Example of 1200 calorie day?

penniroc
penniroc Posts: 21 Member
edited December 4 in Health and Weight Loss
Can someone give me an example of what a near perfect 1200-1500 calorie a day would look like. I know it's different for everyone but as an example or a guide. I think I might be eating the wrong types of foods.

Replies

  • TavistockToad
    TavistockToad Posts: 35,719 Member
    penniroc wrote: »
    Can someone give me an example of what a near perfect 1200-1500 calorie a day would look like. I know it's different for everyone but as an example or a guide. I think I might be eating the wrong types of foods.

    There isn't any 'wrong type of food' eat what fits your calories and macros.
  • kommodevaran
    kommodevaran Posts: 17,890 Member
    1200-1500 is quite a scope. What's your weight and height?

    Why do you think you are eating the wrong kinds of foods?

    Perfect days don't exist. For a healthy diet, have some food from every food group and hit your calorie and macro goals, every day. To stay sane, eat food YOU like.
  • RoxieDawn
    RoxieDawn Posts: 15,488 Member
    It is all about just meeting the calories to stay in a deficit. However 1200-1500 is a pretty broad number to reach.

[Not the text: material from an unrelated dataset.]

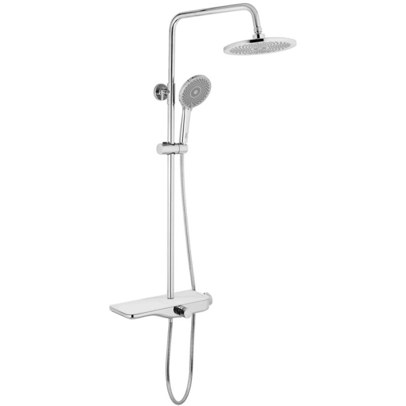 - Колірне рішення у хромі з білими елементами додає душовій системі сучасного та стильного вигляду, що ідеально підходить для сучасних інтер'єрів.

    If you want to go with the basic rule eat a balanced diet of carbs, healthy fats and protein at each meal/snack to meet the the calories MFP gave you to lose weight. MFP sets the amount up for you automatically. Its easy to over complicate, but it really is this simple.

    My question is why you think there are "wrong foods"? Clearly a goal is not getting met, i.e. not losing weight? Did you just start MFP not too long ago? It takes time for the body to transition from what you were doing before (amount of intake) to what you are doing now.. Give this a min of 3-4 weeks.
  • EttaMaeMartin
    EttaMaeMartin Posts: 303 Member
    RoxieDawn wrote: »
    It is all about just meeting the calories to stay in a deficit. However 1200-1500 is a pretty broad number to reach.

    If you want to go with the basic rule eat a balanced diet of carbs, healthy fats and protein at each meal/snack to meet the the calories MFP gave you to lose weight. MFP sets the amount up for you automatically. Its easy to over complicate, but it really is this simple.

    My question is why you think there are "wrong foods"? Clearly a goal is not getting met, i.e. not losing weight? Did you just start MFP not too long ago? It takes time for the body to transition from what you were doing before (amount of intake) to what you are doing now.. Give this a min of 3-4 weeks.

    eat what you like, but stay within your goals, accurately measure with scale and cups for liquid, everything that goes into your mouth. lots of water, and exercise if you are able!
  • Machka9
    Machka9 Posts: 25,685 Member
    I could give you an example of a 1200-1500 calorie day, but much of it would be foods I can get here in Australia. If you're not in Australia, it wouldn't mean much to you.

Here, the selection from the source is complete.